DWJ Manajement - PORTAL

Banyak Kapal Berbendera Asing, Prabowo Mau Perbanyak Armada Merah Putih

Oleh: DWJ-Manajement 27 Jul 2026
Banyak Kapal Berbendera Asing, Prabowo Mau Perbanyak Armada Merah Putih

Mengapa Armada Merah Putih Sangat Krusial?

Presiden Prabowo menekankan bahwa memperbanyak kapal berbendera Merah Putih adalah bagian dari visi besar untuk menjadikan Indonesia sebagai poros maritim dunia. Dengan memiliki armada domestik yang kuat, Indonesia tidak hanya mengamankan jalur perdagangannya sendiri, tetapi juga mampu meningkatkan posisi tawar di mata internasional.
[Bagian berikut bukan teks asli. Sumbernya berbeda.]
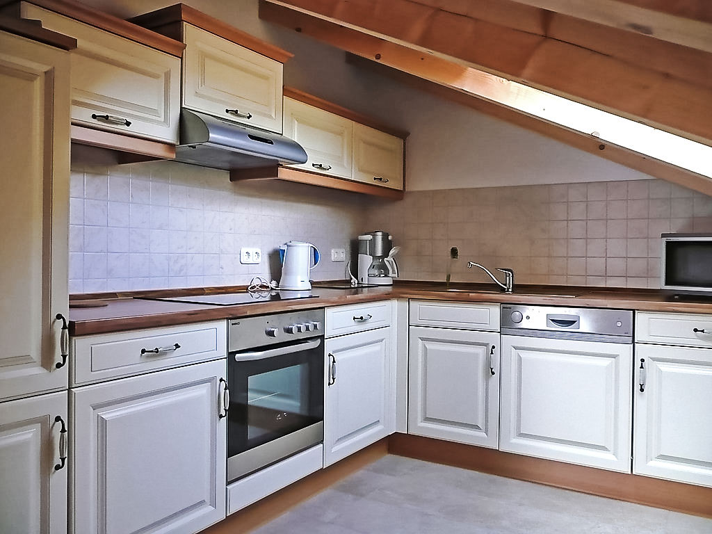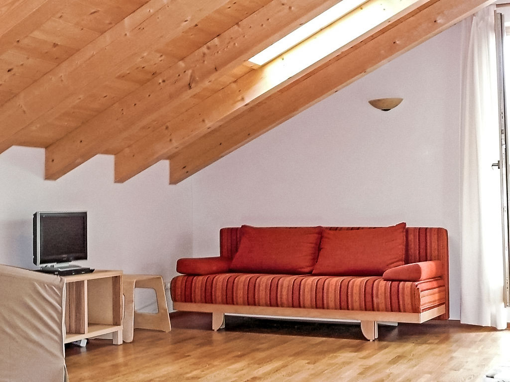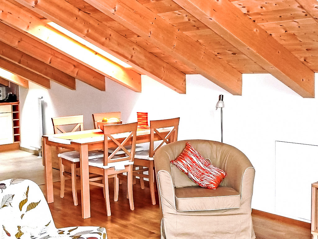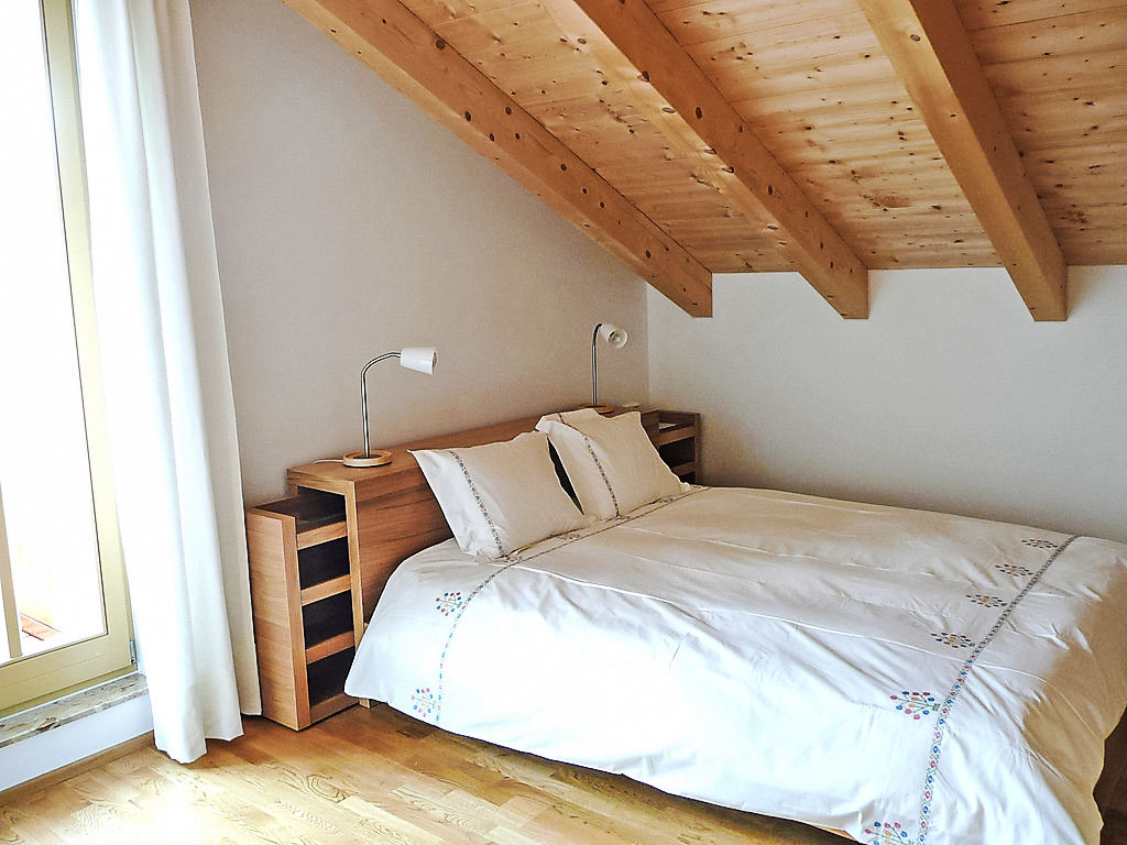 2-Zimmer-Wohnung 50 m2, im Dachgeschoss. Gemütlich eingerichtet: Wohn-/Esszimmer mit 1 Doppeldiwanbett, Kabel-TV, Radio, CD und DVD. Ausgang zum Balkon. 1 Doppelzimmer. Ausgang zum Balkon. Kochnische (Backofen, Geschirrspüler, Mikrowelle, Tiefkühler, elektrische Kaffeemaschine). Dusche/WC. Balkonmöbel. Zur Verfügung: Waschmaschine (extra). Wäschetrockner (extra). Internet (Wireless LAN, gratis). Parkplatz Nr. 16. Bitte beachten: Nichtraucher-Unterkunft.
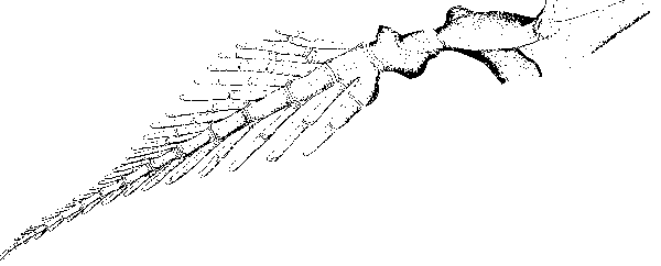 A theory which must be discussed is the fin-fold theory of the origin of paired limbs. Some ancient fishes had a paired ventral fin seam, the reduction and distortion of which might form bilaterally paired fins. Under the proposed model, this double fin seam evolves from the ends of the rib pairs. The few paired fins which seem to have evolved in this way are relatively simple; they do indeed seem to have migrated from the axial skeleton, leaving gaps in the series of ribs. This theory is appealing in that it does not require the theoretically difficult process of adding new articulated parts. But it does not address the question of the origin of the skeletal elements which are distorted. And more importantly, in the lungfish-coelacanth-rhipidistian lineages the axial ribs show no gaps, and the limbs are complex and show a fading internal bilateral symmetry which should not be present if their parts had migrated from the axial skeleton.

Penguatan armada nasional juga akan memberikan dampak langsung pada terciptanya lapangan kerja bagi putra-putri bangsa, mulai dari awak kapal, teknisi mesin, hingga manajemen logistik pelabuhan. Hal ini sejalan dengan semangat hilirisasi dan penguatan industri dalam negeri yang terus digalakkan oleh pemerintah.

Strategi Pemerintah: Penguatan Prinsip Cabotage dan Industri Galangan

Untuk mewujudkan target tersebut, pemerintah tidak hanya akan fokus pada pengadaan kapal, tetapi juga pada perbaikan ekosistem maritim secara menyeluruh. Salah satu langkah kunci yang akan diambil adalah penegakan aturan prinsip cabotage secara lebih ketat dan konsisten.

Prinsip cabotage mewajibkan bahwa seluruh kegiatan angkutan laut dalam negeri harus menggunakan kapal berbendera Indonesia dengan awak kapal berkebangsaan Indonesia. Meskipun aturan ini sudah ada, implementasi di lapangan seringkali menemui celah yang dimanfaatkan oleh pihak-pihak tertentu untuk menggunakan kapal asing dengan dalih efisiensi atau keterbatasan armada domestik.

Langkah-Langkah Strategis yang Akan Ditempuh:

Dalam upayanya memperbanyak armada Merah Putih, Presiden Prabowo dan jajaran kabinet terkait tengah menyiapkan sejumlah skema strategis, di antaranya:

Insentif Pembiayaan Kapal: Memberikan kemudahan akses kredit dan skema pembiayaan yang ringan bagi pengusaha pelayaran nasional untuk melakukan peremajaan dan penambahan armada.

Revitalisasi Industri Galangan Kapal: Mendorong industri pembuatan kapal dalam negeri agar mampu memproduksi kapal-kapal modern dengan harga kompetitif, sehingga pengusaha lokal tidak lagi merasa kalah saing dengan kapal impor.

Digitalisasi Logistik Maritim: Membangun sistem integrasi data pelayaran yang transparan untuk mempermudah pengawasan terhadap jenis dan bendera kapal yang beroperasi di perairan Indonesia.

Peningkatan Kualitas SDM Maritim: Memperkuat pendidikan dan pelatihan vokasi di bidang maritim guna menghasilkan pelaut dan tenaga ahli yang kompeten secara global.